• Records supplied:
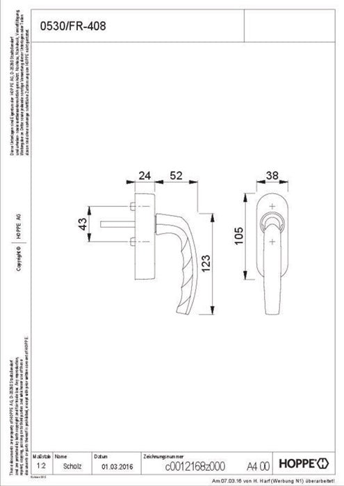 HOPPE Fenstergriff Atlanta 0530/FR-408 Aluminium F9 / stahlfarben ( 8000347453 )
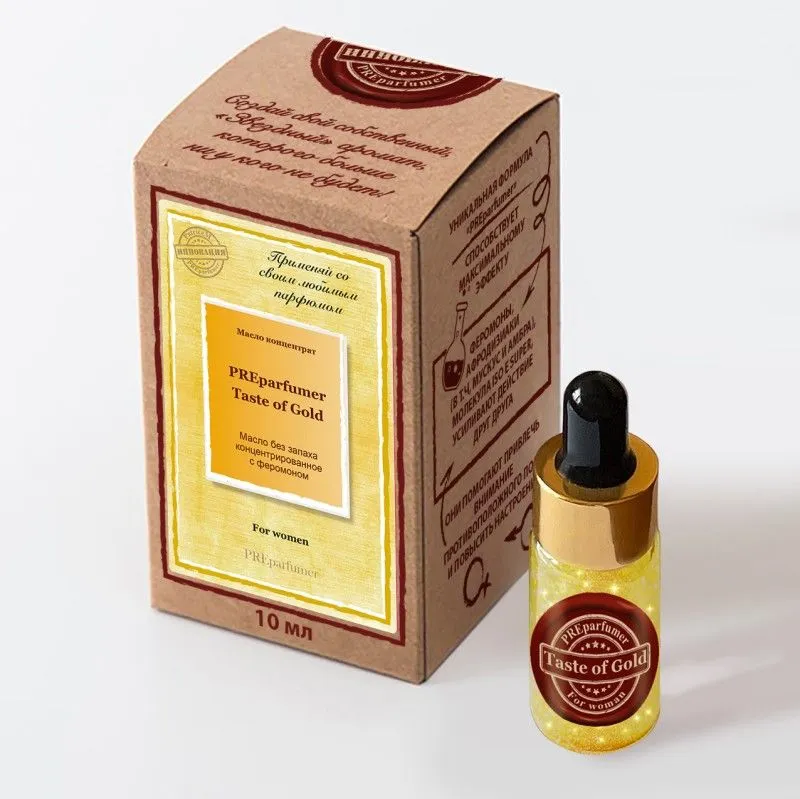 Масло-концентрат «PreParfumer Taste Of Gold» придаст аромату вашего парфюма «дорогой», изысканный и статусный акцент. А так же, нежные, чувственные, глубокие, цветочно-амброво-древесные ноты.
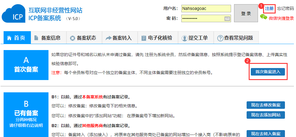 【云建站入手教程】4、云建站備案流程快捷導(dǎo)航: -------【云建站入手教程】-------- -------【云建站入手教程】-------- 1、登錄注冊 訪問備案地址:beian.vhostgo.com ,點擊右側(cè)的“用戶注冊”,注冊一個賬戶,登陸到備案系統(tǒng),點擊首次備案進入(注:該帳號非我司官網(wǎng)帳號,需要單獨注冊)
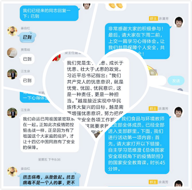 4月15日是第5个全民国家安全教育日。食品与环境教师党支部于4月17日晚7:00-8:30在支部QQ群,以“坚持总体国家安全观,统筹传统安全和非传统安全,为决胜全面建成小康社会提供坚强保障”为主题,在线开展宣传教育活动。
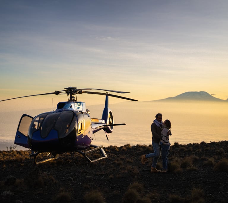 The Kilimanjaro helicopter tour starts from Moshi Airport. Taking off, the pilot will point the helicopter to the East, making a flight over the city. During your flight, you will be able to see all the climbing routes to Kilimanjaro while skirting the mountain range. You will also fly over Lake Chala which is the largest tectonic lake in the Kilimanjaro area. Enjoy the surroundings view of Uhuru Peak - the summit area. Watching from above!
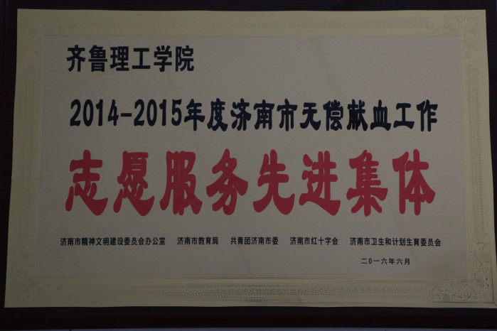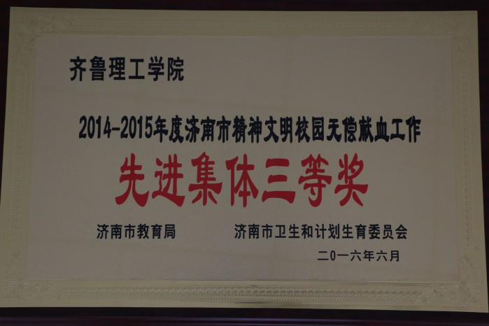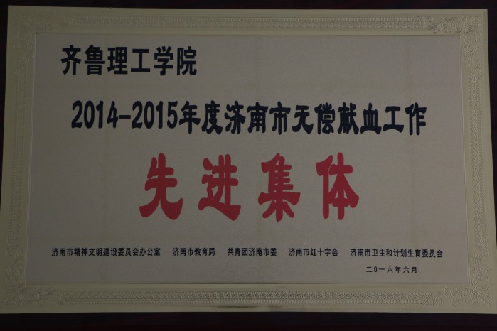 为纪念第十三个“世界献血者日”,更好的表彰先进、树立典型,激励市属高校广大教职员工和在校大学生更好的为我市鲜血事业持续发展贡献力量。6月13日,济南市第十三个“世界献血者日”暨无偿献血工作表彰会议在济南市龙奥大厦G203召开。我校共获包括“济南市无偿献血工作先进集体”等3个集体奖,“献血工作先进个人”等37个个人奖项。
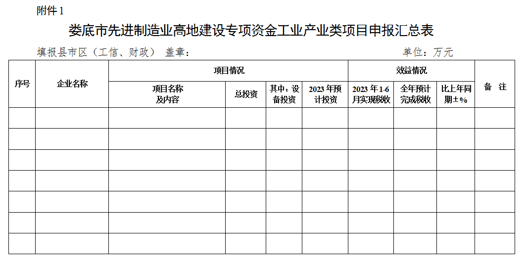 附件:1、婁底市先進制造業高地建設專項資金工業產業
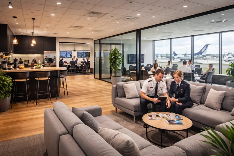 An unserer Home Base in Nürnberg stehen unseren Crews moderne, durchdacht gestaltete Rückzugs- und Arbeitsbereiche zur Verfügung. Die Crew-Räume sind bewusst als ruhige, funktionale Umgebung konzipiert – ein Ort zum Ankommen, Vorbereiten und Abschalten zwischen den Einsätzen.
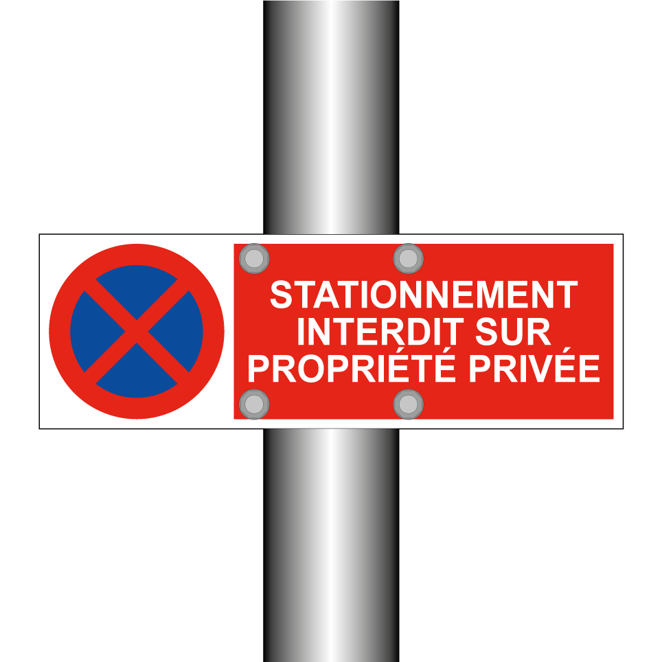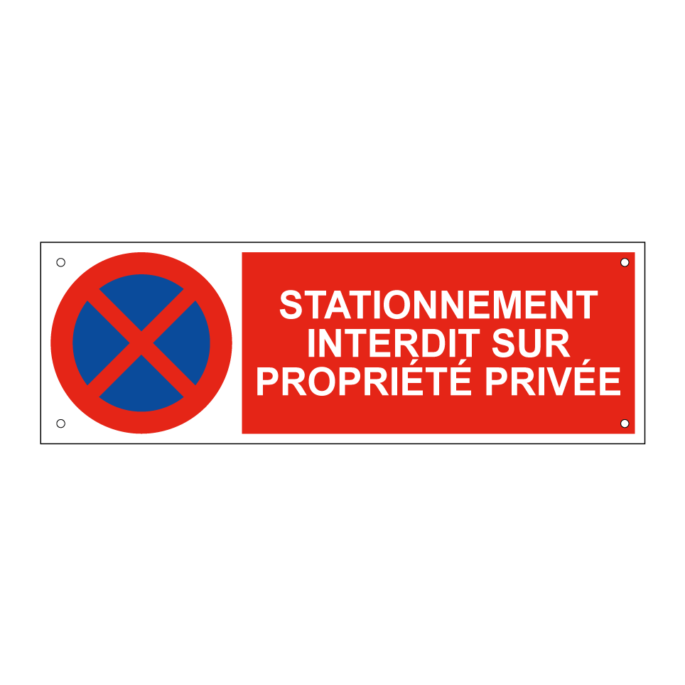 Panneau d'interdiction de stationner avec le texte : "Stationnement interdit sur propriété privée" et une symbolique claire.

• Exercise prompt: Without copying any picture, write out all of the material exactly as it reads.

• Your response:
 HOPPE Fenstergriff Atlanta 0530/FR-408 Aluminium F9 / stahlfarben ( 8000347453 )
 Масло-концентрат «PreParfumer Taste Of Gold» придаст аромату вашего парфюма «дорогой», изысканный и статусный акцент. А так же, нежные, чувственные, глубокие, цветочно-амброво-древесные ноты.
 【云建站入手教程】4、云建站備案流程快捷導(dǎo)航: -------【云建站入手教程】-------- -------【云建站入手教程】-------- 1、登錄注冊 訪問備案地址:beian.vhostgo.com ,點擊右側(cè)的“用戶注冊”,注冊一個賬戶,登陸到備案系統(tǒng),點擊首次備案進入(注:該帳號非我司官網(wǎng)帳號,需要單獨注冊)
 4月15日是第5个全民国家安全教育日。食品与环境教师党支部于4月17日晚7:00-8:30在支部QQ群,以“坚持总体国家安全观,统筹传统安全和非传统安全,为决胜全面建成小康社会提供坚强保障”为主题,在线开展宣传教育活动。
 The Kilimanjaro helicopter tour starts from Moshi Airport. Taking off, the pilot will point the helicopter to the East, making a flight over the city. During your flight, you will be able to see all the climbing routes to Kilimanjaro while skirting the mountain range. You will also fly over Lake Chala which is the largest tectonic lake in the Kilimanjaro area. Enjoy the surroundings view of Uhuru Peak - the summit area. Watching from above!
 为纪念第十三个“世界献血者日”,更好的表彰先进、树立典型,激励市属高校广大教职员工和在校大学生更好的为我市鲜血事业持续发展贡献力量。6月13日,济南市第十三个“世界献血者日”暨无偿献血工作表彰会议在济南市龙奥大厦G203召开。我校共获包括“济南市无偿献血工作先进集体”等3个集体奖,“献血工作先进个人”等37个个人奖项。
 附件:1、婁底市先進制造業高地建設專項資金工業產業
 An unserer Home Base in Nürnberg stehen unseren Crews moderne, durchdacht gestaltete Rückzugs- und Arbeitsbereiche zur Verfügung. Die Crew-Räume sind bewusst als ruhige, funktionale Umgebung konzipiert – ein Ort zum Ankommen, Vorbereiten und Abschalten zwischen den Einsätzen.
 Panneau d'interdiction de stationner avec le texte : "Stationnement interdit sur propriété privée" et une symbolique claire.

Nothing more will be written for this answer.